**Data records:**
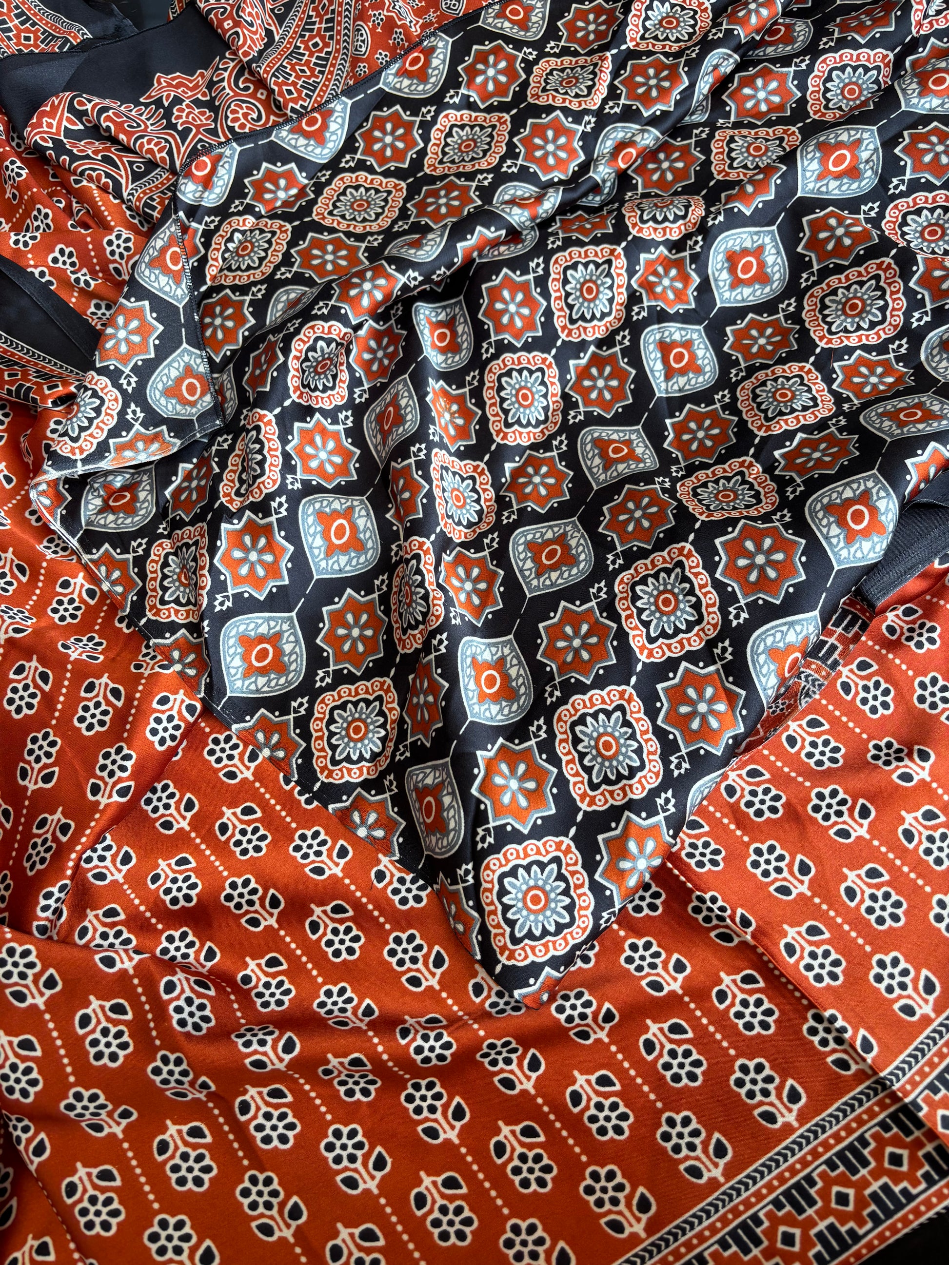 Rust shaded ajrakh printed modal silk sarees with ajrakh pallu and printed black blouse.
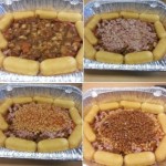 Now layer your beans first, then your hash, followed by the stew, and a full layer of spaghettios, being careful to spread each layer evenly around the casserole dish, one layer of canned goodness on top of another.
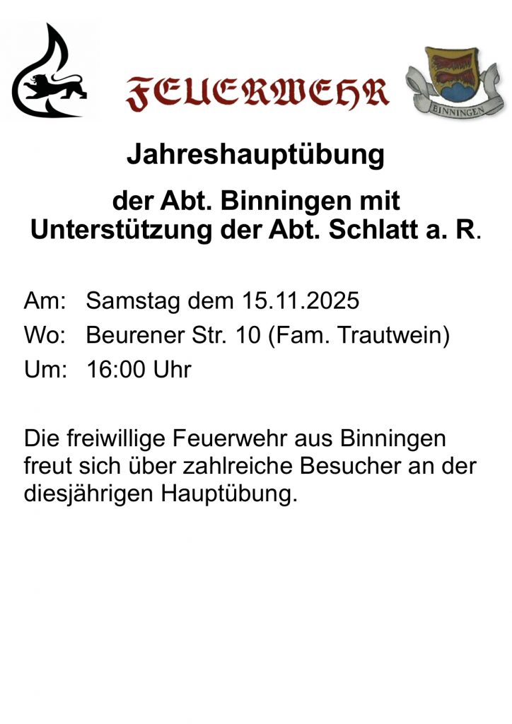 Startseite Denkt immer daran: wir machen alles freiwillig Herzlich Willkommen auf unserer Homepage! Feuerwehrübersicht Abteilung Binningen
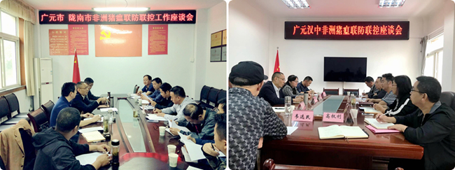 在签订非洲猪瘟联防联控协议前,我市与陇南、汉中两市就非洲猪瘟防控工作召开了座谈会,与会双方都介绍了本市非洲猪瘟工作防控工作的开展情况,并对非洲猪瘟联防联控工作机制进行详细磋商,最终达成了对非洲猪瘟进行联防联控的共识。
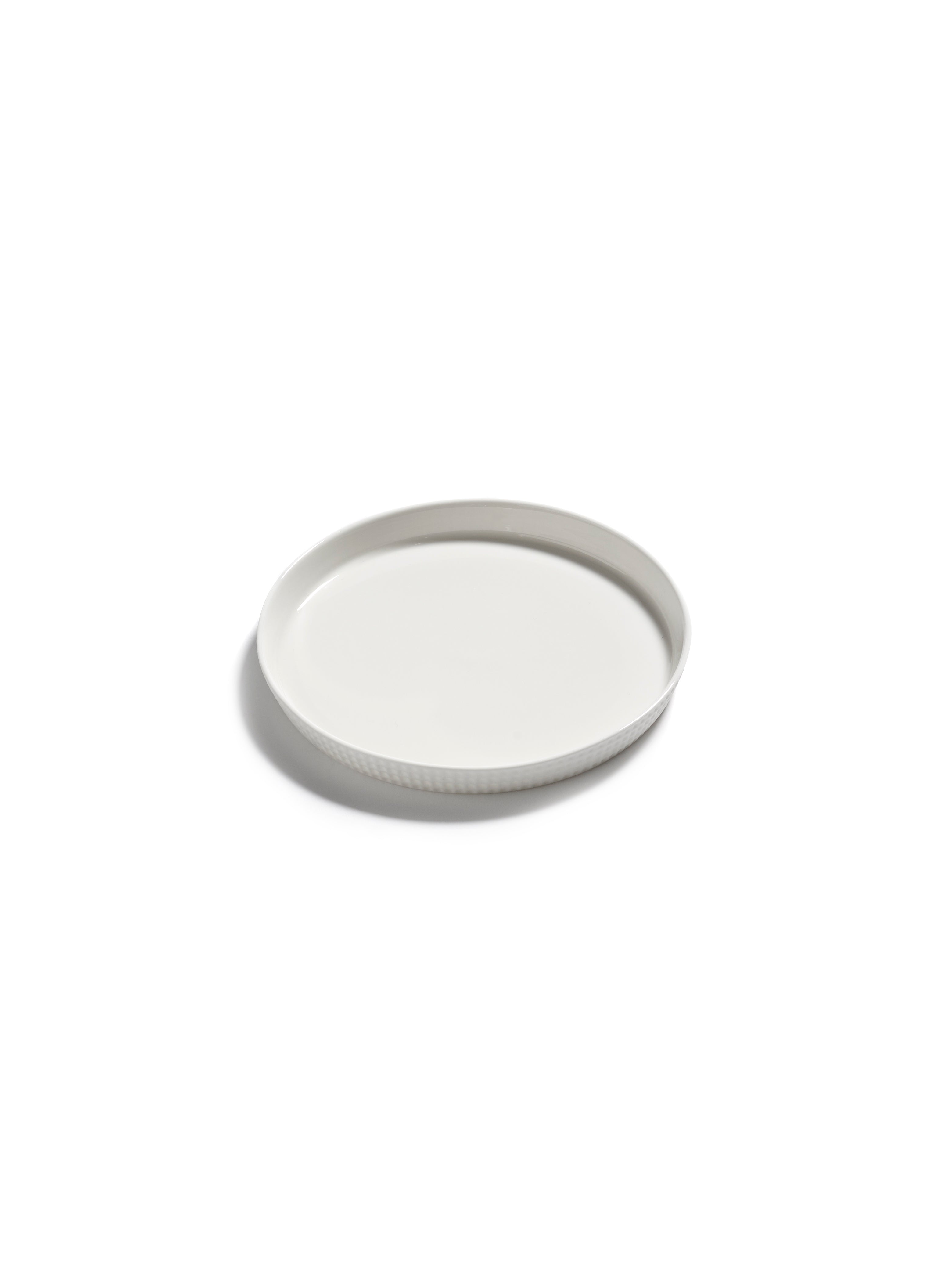 De Nido Plate Raised Edge M White is onderdeel van de veelgeprezen Nido collectie, ontworpen door Ann Van Hoey, een van de meest invloedrijke keramisten van België. Dit middelgrote bord met opstaande rand is veelzijdig inzetbaar voor diverse culinaire toepassingen.

**WHAT YOU NEED TO DO:** Starting at the line that contains "Startseite Denkt immer", write out every line through the end of the entries, both ends included, without any pictures.

**SOLUTION FOR THIS TASK:**
 Startseite Denkt immer daran: wir machen alles freiwillig Herzlich Willkommen auf unserer Homepage! Feuerwehrübersicht Abteilung Binningen
 在签订非洲猪瘟联防联控协议前,我市与陇南、汉中两市就非洲猪瘟防控工作召开了座谈会,与会双方都介绍了本市非洲猪瘟工作防控工作的开展情况,并对非洲猪瘟联防联控工作机制进行详细磋商,最终达成了对非洲猪瘟进行联防联控的共识。
 De Nido Plate Raised Edge M White is onderdeel van de veelgeprezen Nido collectie, ontworpen door Ann Van Hoey, een van de meest invloedrijke keramisten van België. Dit middelgrote bord met opstaande rand is veelzijdig inzetbaar voor diverse culinaire toepassingen.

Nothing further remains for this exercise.